Material provided section start
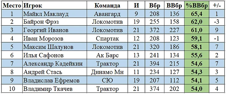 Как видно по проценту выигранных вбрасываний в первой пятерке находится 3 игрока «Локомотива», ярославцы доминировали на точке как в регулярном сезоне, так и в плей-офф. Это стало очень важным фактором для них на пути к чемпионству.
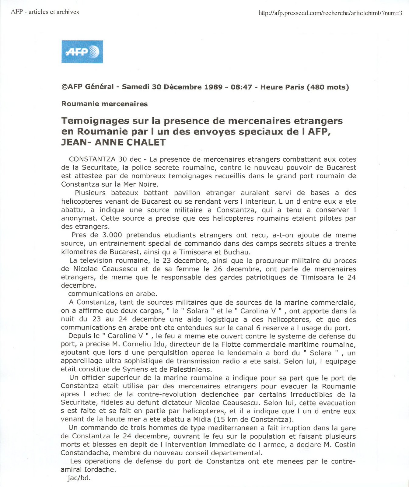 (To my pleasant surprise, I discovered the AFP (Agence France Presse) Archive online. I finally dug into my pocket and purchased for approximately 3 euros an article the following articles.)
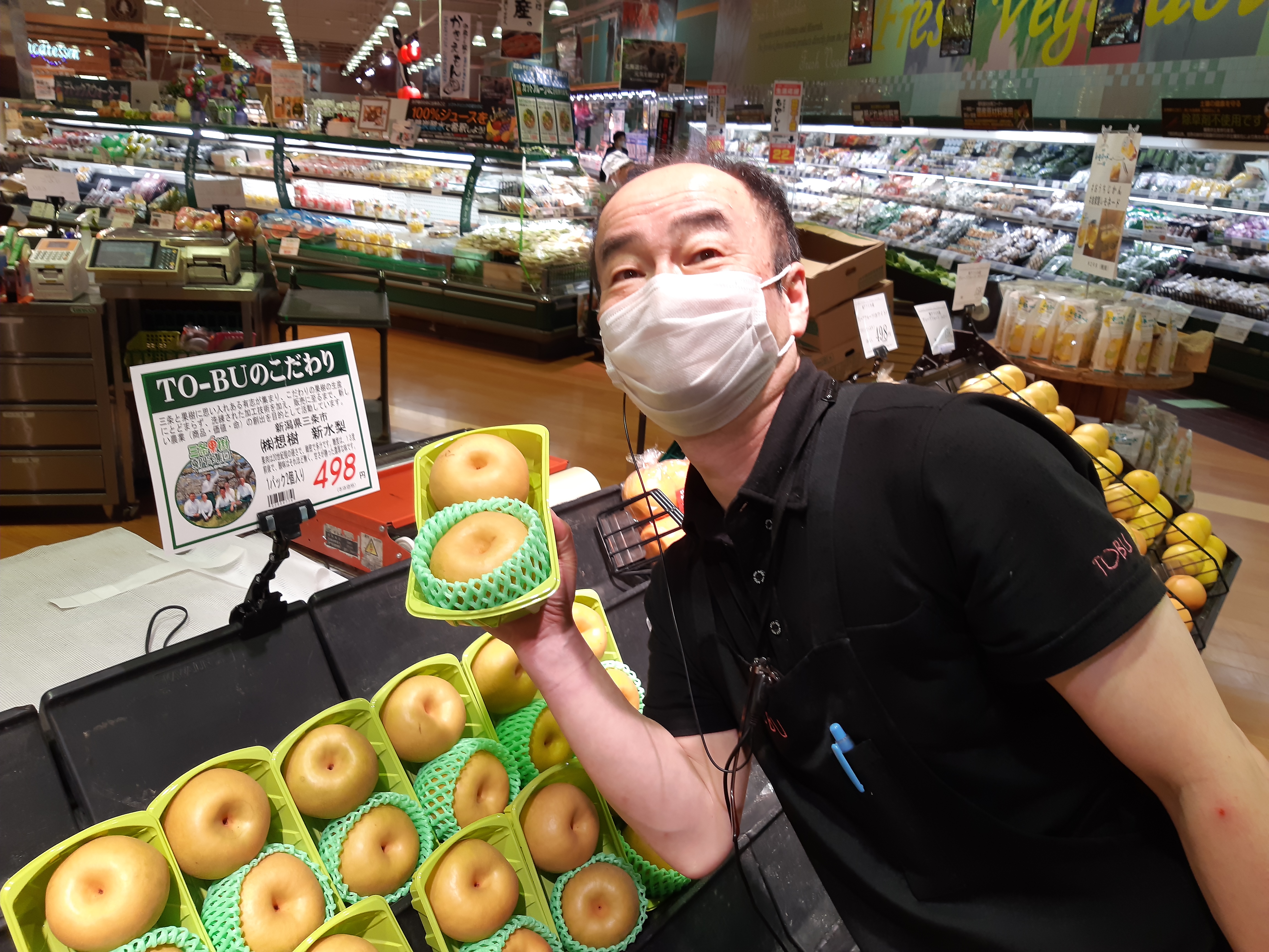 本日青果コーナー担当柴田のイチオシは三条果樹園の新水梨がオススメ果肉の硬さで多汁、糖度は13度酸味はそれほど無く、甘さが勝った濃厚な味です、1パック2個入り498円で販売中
Material provided section end
Material provided section start
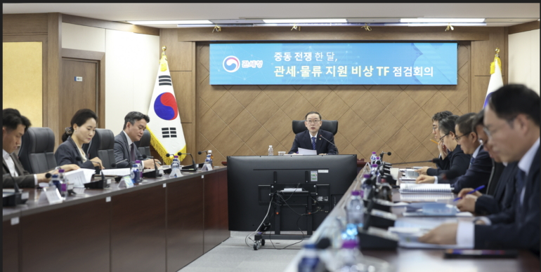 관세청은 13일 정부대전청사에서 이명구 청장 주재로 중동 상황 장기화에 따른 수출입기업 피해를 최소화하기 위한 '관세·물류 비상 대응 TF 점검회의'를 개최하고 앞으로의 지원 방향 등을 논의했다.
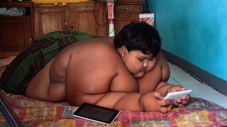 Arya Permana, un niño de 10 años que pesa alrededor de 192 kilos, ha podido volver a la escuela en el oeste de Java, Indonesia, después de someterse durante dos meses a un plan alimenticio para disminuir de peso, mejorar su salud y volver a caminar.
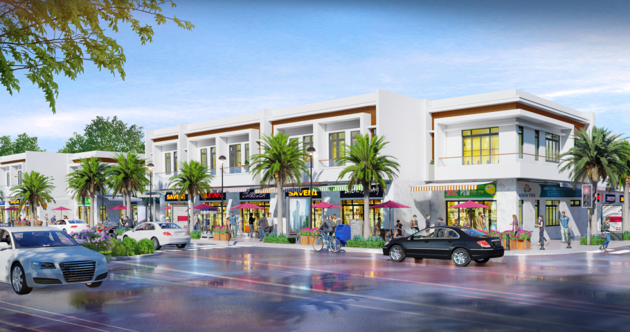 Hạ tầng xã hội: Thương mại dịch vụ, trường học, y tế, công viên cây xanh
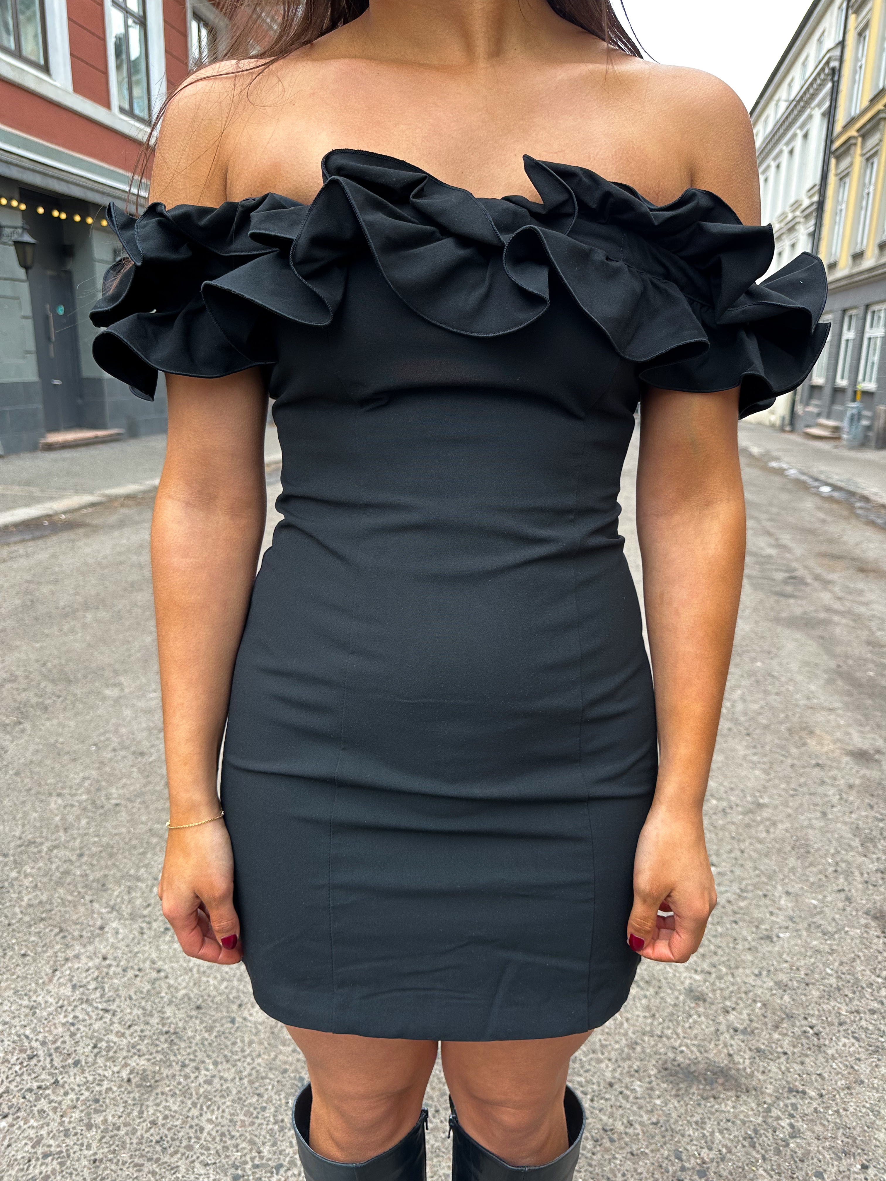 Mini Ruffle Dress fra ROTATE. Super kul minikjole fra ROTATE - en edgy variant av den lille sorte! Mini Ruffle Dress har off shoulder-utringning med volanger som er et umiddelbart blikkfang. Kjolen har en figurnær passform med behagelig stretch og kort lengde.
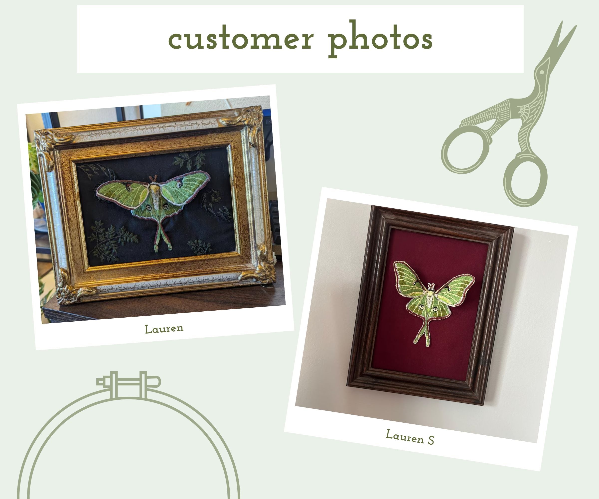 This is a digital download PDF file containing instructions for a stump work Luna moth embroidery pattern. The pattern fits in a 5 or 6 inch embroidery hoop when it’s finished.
Material provided section end
In the listing above, find the line with "Arya Permana, un" and the line with "This is a digital". Set down both and every line between them, minus the pictures.

 Arya Permana, un niño de 10 años que pesa alrededor de 192 kilos, ha podido volver a la escuela en el oeste de Java, Indonesia, después de someterse durante dos meses a un plan alimenticio para disminuir de peso, mejorar su salud y volver a caminar.
 Hạ tầng xã hội: Thương mại dịch vụ, trường học, y tế, công viên cây xanh
 Mini Ruffle Dress fra ROTATE. Super kul minikjole fra ROTATE - en edgy variant av den lille sorte! Mini Ruffle Dress har off shoulder-utringning med volanger som er et umiddelbart blikkfang. Kjolen har en figurnær passform med behagelig stretch og kort lengde.
 This is a digital download PDF file containing instructions for a stump work Luna moth embroidery pattern. The pattern fits in a 5 or 6 inch embroidery hoop when it’s finished.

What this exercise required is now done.